Ok, first off, this has nothing to do with s.rate/bit depth. You might be triggering 16 bit samples while your project is set to 24 bit - but that has no affect on the null vs. not null.
Secondly, KBJRock > any difference that there is (and there is a difference - more on that in a bit), you will not be able to hear. With respect, if you think you hear more lows or less lows in one than the other (mixdown vs. playing back and triggering MIDI data), you are imagining things. This is assuming that the levels are the same; that the master bus was at 0 when the mixdown was done. If it wasn’t - that’s a different story.
Finally, there is this. When you trigger mulitple Kontakt samples in succession, they do not always play back exactly the same. Why, I don’t know. I do not know if this is a Kontakt thing, or a Cubase thing. I have not tried this with PLAY…maybe I should. This is evidenced by loading a drum patch in Kontakt, creating a MIDI file which triggers a bunch of samples from that patch (they should not be RR samples - b/c then we will almost likely not have two nulling files regardless), and doing two real-time exports. Those two audio files will not null. Again, I don’t know why. AFAIC they should, but they don’t. Now, if you open say, a violin patch, and lay down say, three notes that are several seconds apart from one another, two resulting files from rt exports will null. Assuming there are no plugs with any randomness, and that there are no Kontakt inserts.

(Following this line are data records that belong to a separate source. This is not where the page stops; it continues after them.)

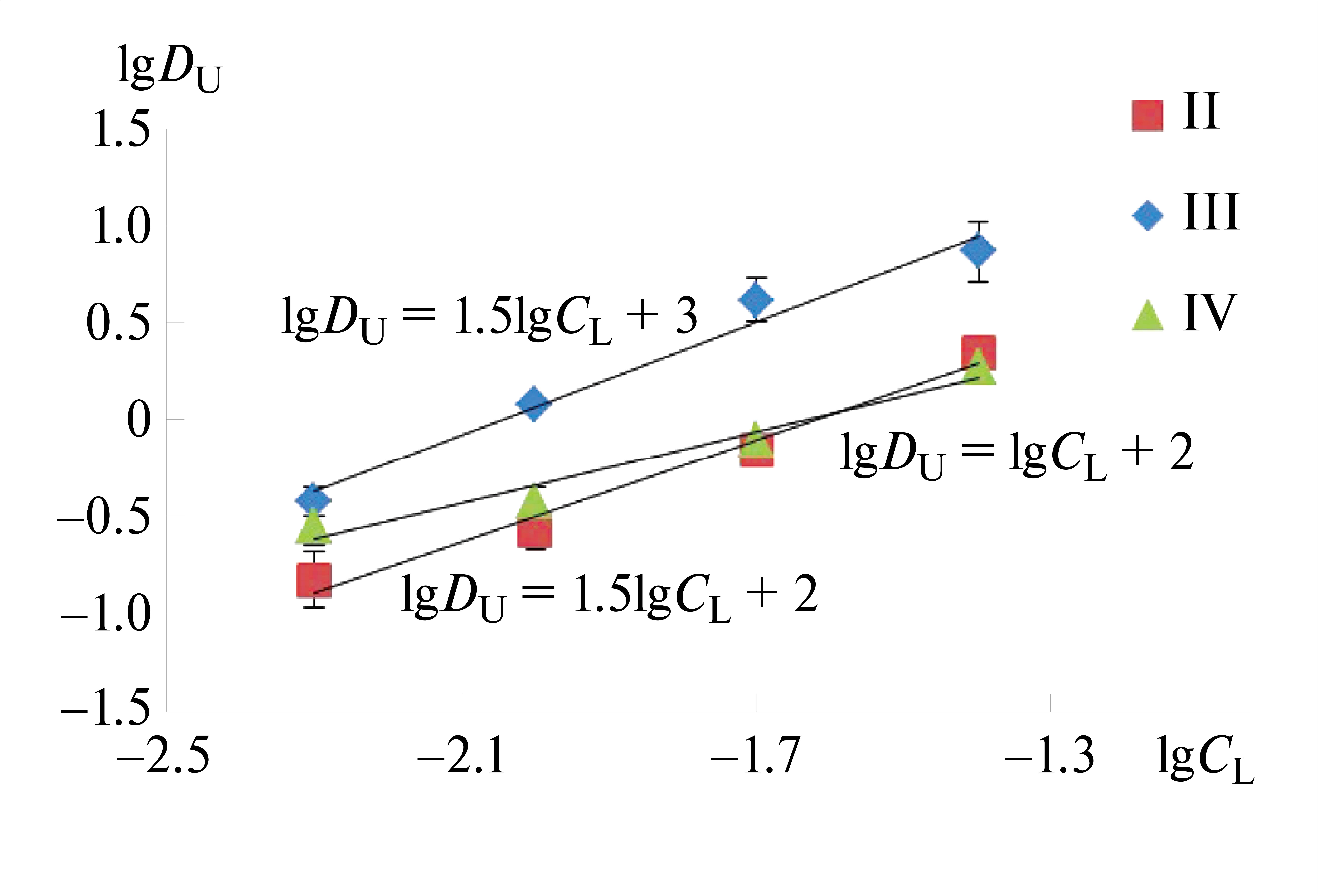 Методом сдвига экстракционного равновесия при варьировании концентрации лиганда были установлены составы комплексных соединений лигандов II–IV с катионом уранила. Так, для соединений II и III характерно образования как моно-, так и бис-лигандных комплексов (наблюдаемый угловой коэффициент билогарифмической зависимости на рис. 2 близок к 1.5), в то время как в случае соединения IV в смеси присутствует преимущественно монолигандный комплекс и, возможно, гидратированная форма (см. уравнения (1)–(3)) [30].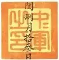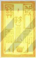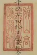 The Kiềm ký (鈐記) seal type was used by low-level mandarins and military commanders in charge of estuaries, border gates, small boat fleets, passes, Etc.[8] It was usually stamped on the "month" (月, nguyệt) part of the date present on a document.[8] Another feature of some Kiềm ký type of seals is that many of these seals had inscriptions written in Traditional Chinese characters as opposed to seal script.[8]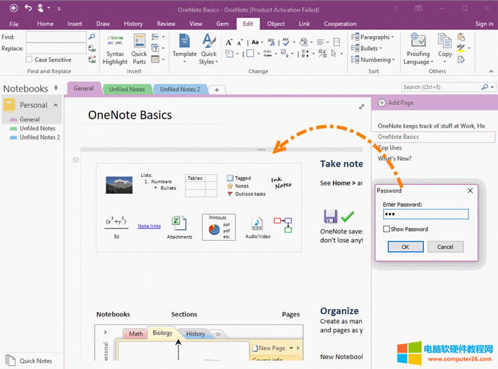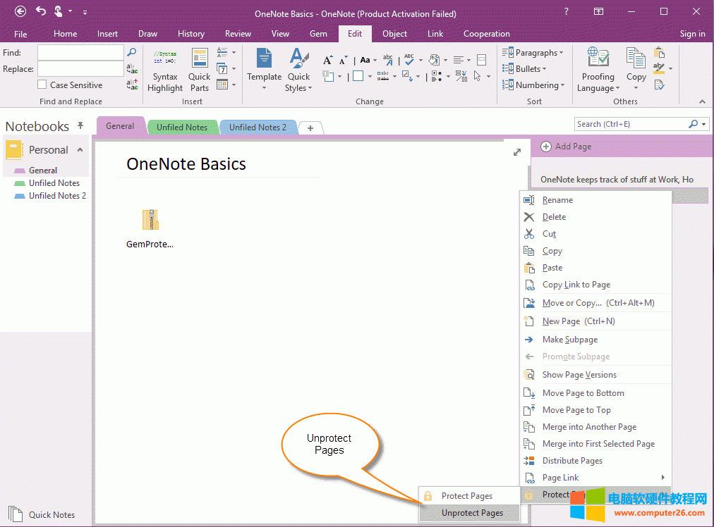 如果想一次解密多个页面,可以先在 OneNote 中选中多个页面后,再使用 Gem 的“密码保护页面” –》“解密页面”功能进行批量解密处理。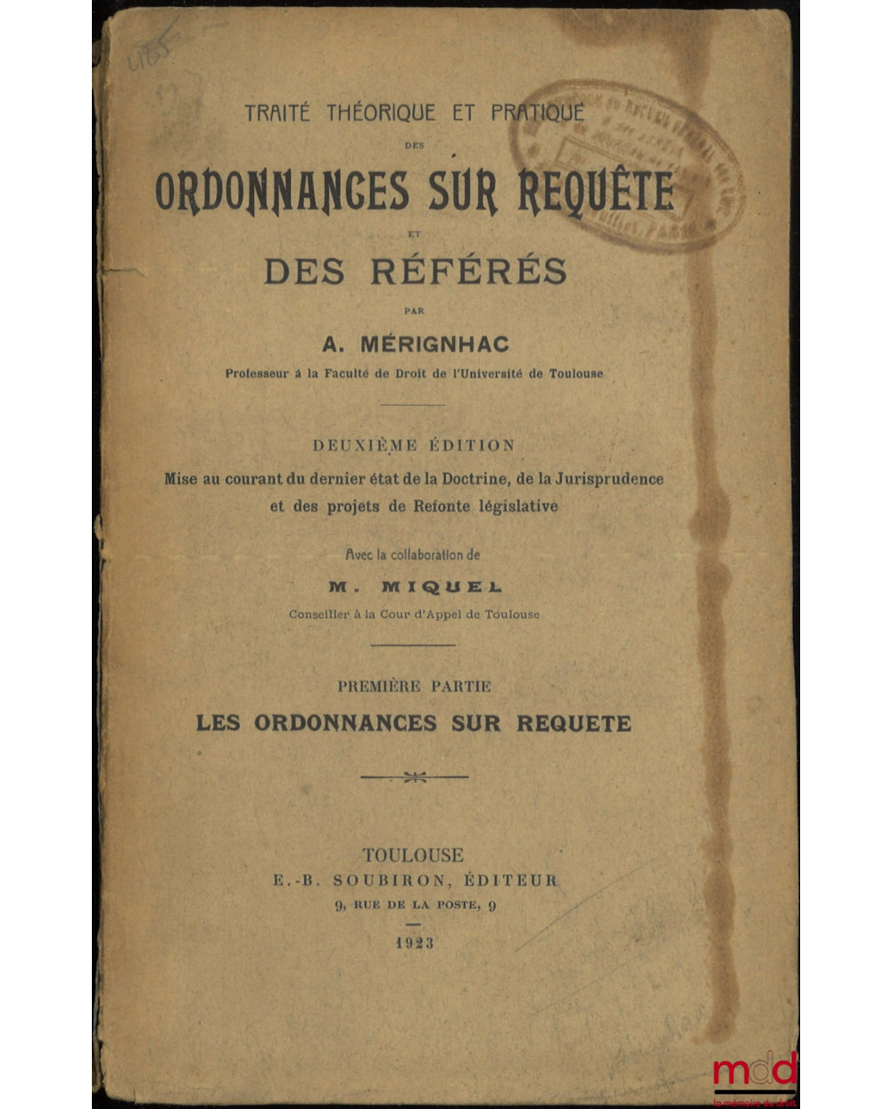 L’auteur, professeur à la faculté de droit de Toulouse, a produit des traités dans l’ensemble des matières du droit (arbitrage international, droit civil, prescription en matière civile et criminelle, droit international public, législation des usages toulousains). Il livre ici une étude du régime des référés dont on peut considérer qu’elle est la plus minutieuse sur la question et qui contient des analyses tout à fait remarquables de l’époque. Rare.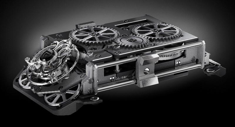 La montre, à remontage manuel, est alimentée en énergie par deux barillets…, une nécessité en l’occurrence, car ils permettent l’utilisation d’un affichage gourmand en énergie sans perturber la marche du tourbillon, et donc de la montre…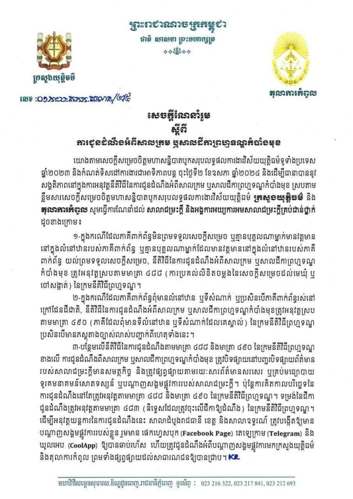 សេចក្ដីណែនាំរួមស្ដីពីរ “ការជូនដំណឹងអំពីសាលក្រម ឬសាលដីកាព្រហ្មទណ្ឌកំបាំងមុខ”។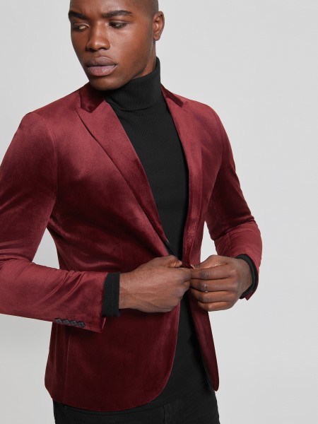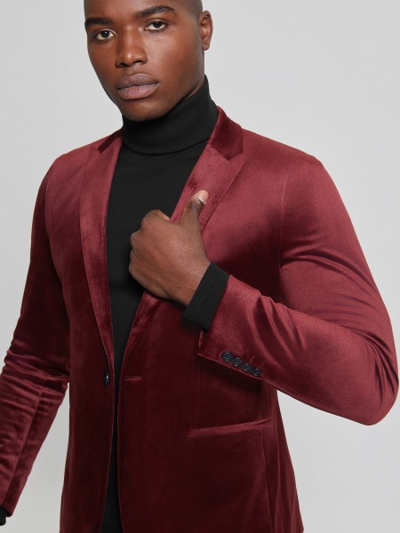 Adjon Luxus Megjelenést Megjelenéséhez Ezzel A Bársony Blézerrel, Amely Rovátkolt Hajtókával, Gombos Elülső Záródással és Elülső Zsebekkel Rendelkezik.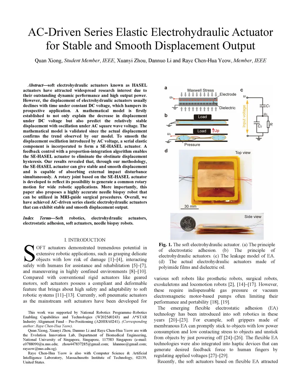 Soft electrohydraulic actuators known as HASEL actuators have attracted widespread research interest due to their outstanding dynamic performance and high output power. However, the displacement of electrohydraulic actuators usually declines with time under constant DC voltage, which hampers its prospective application. A mathematical model is firstly established to not only explain the decrease in displacement under DC voltage but also predict the relatively stable displacement with oscillation under AC square wave voltage. The mathematical model is validated since the actual displacement confirms the trend observed by our model. To smooth the displacement oscillation introduced by AC voltage, a serial elastic component is incorporated to form a SE-HASEL actuator. A feedback control with a proportion-integration algorithm enables the SE-HASEL actuator to eliminate the obstinate displacement hysteresis. Our results revealed that, through our methodology, the SE-HASEL actuator can give stable and smooth displacement and is capable of absorbing external impact disturbance simultaneously. A rotary joint based on the SE-HASEL actuator is developed to reflect its possibility to generate a common rotary motion for wide robotic applications. More importantly, this paper also proposes a highly accurate needle biopsy robot that can be utilized in MRI-guide surgical procedures. Overall, we have achieved AC-driven series elastic electrohydraulic actuators that can exhibit stable and smooth displacement output.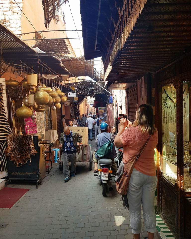 Dagene og kveldene i Marrakesh gamleby er både livlig og til dels masete. Masse lukter alt fra krydder, skinn og mat i skjønn forening.?Gater snirkler seg som en labyrint. Her kan man fort gå seg bort.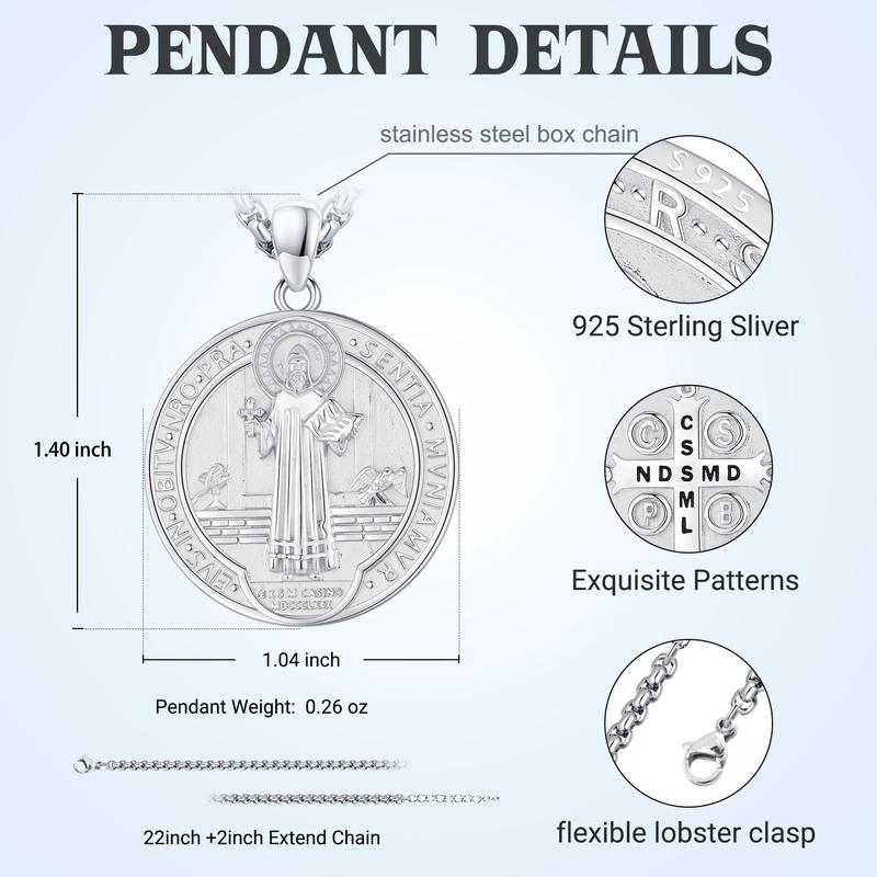 DRINSPER Collar de Plata 925 de San Benito, Saint Benedict Protection Necklace, Latin Inscription in Cross with Religious Symbolism, Prayer Abbreviations (CSSML, NDSMD)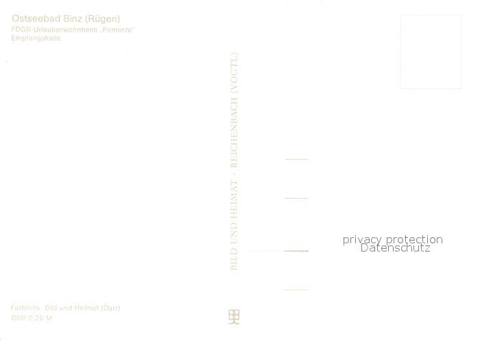 73544154 Binz Ruegen FDGB Urlauberwohnheim Pomorze Empfangshalle postalisch nicht gelaufen Erhaltung siehe scans [FriedD77] KatCode: 11110013061005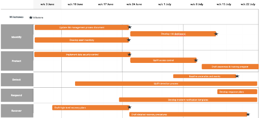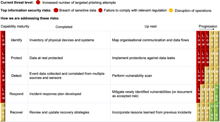 Use the momentum generated by quick wins to tackle harder, more complex security initiatives, like uplifting the detection and response capability and implementing technology solutions. Be mindful not to declare victory too soon, so keep emphasising the sense of urgency by reminding people of the threat landscape and potential risks. This can be achieved by regularly briefing the executives on the current threat profile, key risks and the state of our uplift initiatives (Figure 7).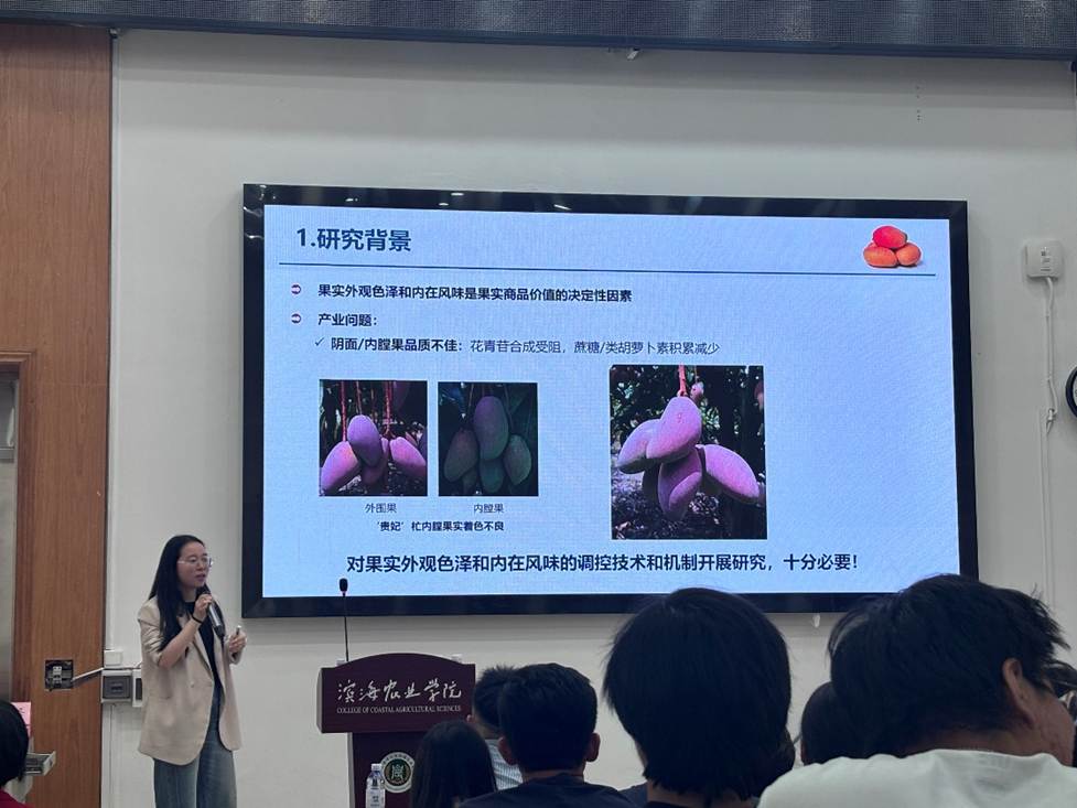邀请,海南大学钱敏杰教授与浙江大学倪隽蓓副研究员在湖光校区兴农楼109室作学术报告。报告会由院党委副书记王继全主持,园艺系教师、研究生及本科生代表100余人参会。

This is not a concern for me, b/c the difference is inaudible; it’s usually around -75db. Nobody can hear that.
Now the question is, how can I bounce this so that I´ll get a perfectly nulling audio track?
If you do two non-rt exports, those files will null. But a non-rt export will not null against playback, b/c remember - the samples do not always play back exactly the same.
Cheers.
–edit— just checked this in PLAY - same thing. It appears to not be a Kontakt thing, but a Cubase thing. Support ticket time.